Test datasets
Obtaining / creating test datasets
If a test dataset can be created in code, do that instead. If it is used in a
single test, create the test dataset as part of that test. If it is used in
more than a single test, add it to pyogrio/tests/conftest.py instead, as a
function-scoped test fixture.
If you need to obtain 3rd party test files:
- add a section below that describes the source location and processing steps to derive that dataset
- make sure the license is compatible with including in Pyogrio (public domain or open-source) and record that license below
Please keep the test files no larger than necessary to use in tests.
Included test datasets
Natural Earth lowres
naturalearth_lowres.shp was copied from GeoPandas.
License: public domain
GPKG test dataset with null values
test_gpkg_nulls.gpkg was created using Fiona backend to GeoPandas:
from collections import OrderedDict
import fiona
import geopandas as gp
import numpy as np
from pyogrio import write_dataframe
filename = "test_gpkg_nulls.gpkg"
df = gp.GeoDataFrame(
{
"col_bool": np.array([True, False, True], dtype="bool"),
"col_int8": np.array([1, 2, 3], dtype="int8"),
"col_int16": np.array([1, 2, 3], dtype="int16"),
"col_int32": np.array([1, 2, 3], dtype="int32"),
"col_int64": np.array([1, 2, 3], dtype="int64"),
"col_uint8": np.array([1, 2, 3], dtype="uint8"),
"col_uint16": np.array([1, 2, 3], dtype="uint16"),
"col_uint32": np.array([1, 2, 3], dtype="uint32"),
"col_uint64": np.array([1, 2, 3], dtype="uint64"),
"col_float32": np.array([1.5, 2.5, 3.5], dtype="float32"),
"col_float64": np.array([1.5, 2.5, 3.5], dtype="float64"),
},
geometry=gp.points_from_xy([0, 1, 2], [0, 1, 2]),
crs="EPSG:4326",
)
write_dataframe(df, filename)
# construct row with null values
# Note: np.nan can only be used for float values
null_row = {
"type": "Fetaure",
"id": 4,
"properties": OrderedDict(
[
("col_bool", None),
("col_int8", None),
("col_int16", None),
("col_int32", None),
("col_int64", None),
("col_uint8", None),
("col_uint16", None),
("col_uint32", None),
("col_uint64", None),
("col_float32", np.nan),
("col_float64", np.nan),
]
),
"geometry": {"type": "Point", "coordinates": (4.0, 4.0)},
}
# append row with nulls to GPKG
with fiona.open(filename, "a") as c:
c.write(null_row)
NOTE: Reading boolean values into GeoPandas using Fiona backend treats those
values as None and column dtype as object; Pyogrio treats those values as
np.nan and column dtype as float64.
License: same as Pyogrio
OSM PBF test
This was downloaded from https://github.com/openstreetmap/OSM-binary/blob/master/resources/sample.pbf
License: Open Data Commons Open Database License (ODbL)

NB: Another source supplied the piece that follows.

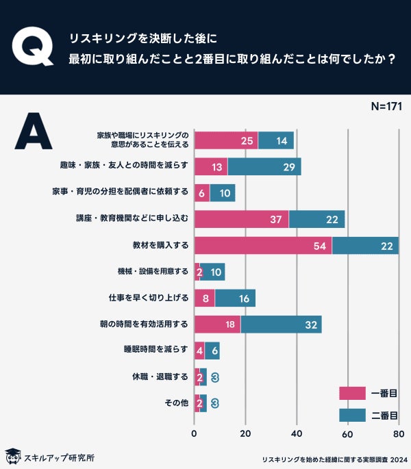 リスキリング時に最初に取り組むのは「教材購入」「講座申し込み」

Test files for geometry types that are downgraded on read
line_zm.gpkg was created using QGIS to digitize a LineString GPKG layer with Z and M enabled. Downgraded to LineString Z on read.
curve.gpkg was created using QGIS to digitize a Curve GPKG layer. Downgraded to LineString on read.
curvepolygon.gpkg was created using QGIS to digitize a CurvePolygon GPKG layer. Downgraded to Polygon on read.
multisurface.gpkg was created using QGIS to digitize a MultiSurface GPKG layer. Downgraded to MultiPolygon on read.
License: same as Pyogrio